┌────────
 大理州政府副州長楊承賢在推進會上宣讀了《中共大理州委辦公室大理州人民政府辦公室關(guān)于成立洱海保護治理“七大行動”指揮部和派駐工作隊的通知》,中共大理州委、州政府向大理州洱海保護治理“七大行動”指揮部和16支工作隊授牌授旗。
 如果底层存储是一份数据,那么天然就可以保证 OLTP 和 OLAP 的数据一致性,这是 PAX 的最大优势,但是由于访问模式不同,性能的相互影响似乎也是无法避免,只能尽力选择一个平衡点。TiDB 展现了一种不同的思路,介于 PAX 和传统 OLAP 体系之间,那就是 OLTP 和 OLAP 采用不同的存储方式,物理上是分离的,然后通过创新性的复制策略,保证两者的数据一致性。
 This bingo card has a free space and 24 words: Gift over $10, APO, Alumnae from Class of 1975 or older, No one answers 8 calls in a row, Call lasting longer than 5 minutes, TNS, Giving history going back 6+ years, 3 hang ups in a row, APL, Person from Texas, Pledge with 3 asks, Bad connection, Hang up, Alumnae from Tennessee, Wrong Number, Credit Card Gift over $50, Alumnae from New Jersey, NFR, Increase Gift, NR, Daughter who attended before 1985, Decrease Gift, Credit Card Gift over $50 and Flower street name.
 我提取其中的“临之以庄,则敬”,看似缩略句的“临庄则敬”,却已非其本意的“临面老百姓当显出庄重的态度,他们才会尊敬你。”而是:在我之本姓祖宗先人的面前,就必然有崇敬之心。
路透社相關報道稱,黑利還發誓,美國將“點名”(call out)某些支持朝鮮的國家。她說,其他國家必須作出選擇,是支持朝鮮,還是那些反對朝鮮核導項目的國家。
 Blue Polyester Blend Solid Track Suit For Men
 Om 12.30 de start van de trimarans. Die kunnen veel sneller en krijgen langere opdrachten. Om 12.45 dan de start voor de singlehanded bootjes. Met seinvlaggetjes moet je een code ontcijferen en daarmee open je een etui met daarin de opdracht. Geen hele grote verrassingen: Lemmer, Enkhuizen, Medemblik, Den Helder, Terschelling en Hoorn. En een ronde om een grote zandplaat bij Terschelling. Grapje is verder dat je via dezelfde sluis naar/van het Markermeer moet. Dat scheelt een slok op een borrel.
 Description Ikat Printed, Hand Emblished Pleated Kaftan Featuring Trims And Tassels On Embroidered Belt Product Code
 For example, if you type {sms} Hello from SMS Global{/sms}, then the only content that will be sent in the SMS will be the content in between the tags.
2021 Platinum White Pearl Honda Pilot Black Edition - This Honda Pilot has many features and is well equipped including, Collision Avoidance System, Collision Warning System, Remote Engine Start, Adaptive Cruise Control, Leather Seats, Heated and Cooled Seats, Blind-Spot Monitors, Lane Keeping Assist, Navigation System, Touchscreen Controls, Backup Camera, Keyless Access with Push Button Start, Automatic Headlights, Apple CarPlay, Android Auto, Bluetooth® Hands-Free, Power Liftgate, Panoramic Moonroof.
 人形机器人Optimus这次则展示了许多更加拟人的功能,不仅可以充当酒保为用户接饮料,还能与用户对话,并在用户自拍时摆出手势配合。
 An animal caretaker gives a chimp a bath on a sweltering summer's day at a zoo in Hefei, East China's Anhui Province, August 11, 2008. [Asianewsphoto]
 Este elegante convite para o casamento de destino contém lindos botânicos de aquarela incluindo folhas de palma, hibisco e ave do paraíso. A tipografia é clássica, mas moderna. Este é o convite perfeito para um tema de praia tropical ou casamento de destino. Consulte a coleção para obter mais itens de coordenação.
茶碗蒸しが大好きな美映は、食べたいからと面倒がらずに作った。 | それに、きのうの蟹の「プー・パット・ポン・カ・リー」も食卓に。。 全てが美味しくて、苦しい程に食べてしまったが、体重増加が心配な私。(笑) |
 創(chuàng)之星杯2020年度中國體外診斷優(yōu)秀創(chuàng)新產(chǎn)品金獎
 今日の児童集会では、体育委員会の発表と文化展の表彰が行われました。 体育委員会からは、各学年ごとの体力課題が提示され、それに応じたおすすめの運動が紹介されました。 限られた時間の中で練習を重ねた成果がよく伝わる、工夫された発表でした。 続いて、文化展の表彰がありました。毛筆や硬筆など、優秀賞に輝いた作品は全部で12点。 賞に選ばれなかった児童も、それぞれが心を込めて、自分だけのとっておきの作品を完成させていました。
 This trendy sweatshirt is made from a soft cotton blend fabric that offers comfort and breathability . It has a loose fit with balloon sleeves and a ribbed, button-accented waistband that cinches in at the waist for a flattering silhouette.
└────────
Exercise requirements —
Copy, word for word, the line that contains "人形机器人Optimus这次" and every line after it through the end of the records, and nothing else.

Answer —
 人形机器人Optimus这次则展示了许多更加拟人的功能,不仅可以充当酒保为用户接饮料,还能与用户对话,并在用户自拍时摆出手势配合。
 An animal caretaker gives a chimp a bath on a sweltering summer's day at a zoo in Hefei, East China's Anhui Province, August 11, 2008. [Asianewsphoto]
 Este elegante convite para o casamento de destino contém lindos botânicos de aquarela incluindo folhas de palma, hibisco e ave do paraíso. A tipografia é clássica, mas moderna. Este é o convite perfeito para um tema de praia tropical ou casamento de destino. Consulte a coleção para obter mais itens de coordenação.
茶碗蒸しが大好きな美映は、食べたいからと面倒がらずに作った。 | それに、きのうの蟹の「プー・パット・ポン・カ・リー」も食卓に。。 全てが美味しくて、苦しい程に食べてしまったが、体重増加が心配な私。(笑) |
 創(chuàng)之星杯2020年度中國體外診斷優(yōu)秀創(chuàng)新產(chǎn)品金獎
 今日の児童集会では、体育委員会の発表と文化展の表彰が行われました。 体育委員会からは、各学年ごとの体力課題が提示され、それに応じたおすすめの運動が紹介されました。 限られた時間の中で練習を重ねた成果がよく伝わる、工夫された発表でした。 続いて、文化展の表彰がありました。毛筆や硬筆など、優秀賞に輝いた作品は全部で12点。 賞に選ばれなかった児童も、それぞれが心を込めて、自分だけのとっておきの作品を完成させていました。
 This trendy sweatshirt is made from a soft cotton blend fabric that offers comfort and breathability . It has a loose fit with balloon sleeves and a ribbed, button-accented waistband that cinches in at the waist for a flattering silhouette.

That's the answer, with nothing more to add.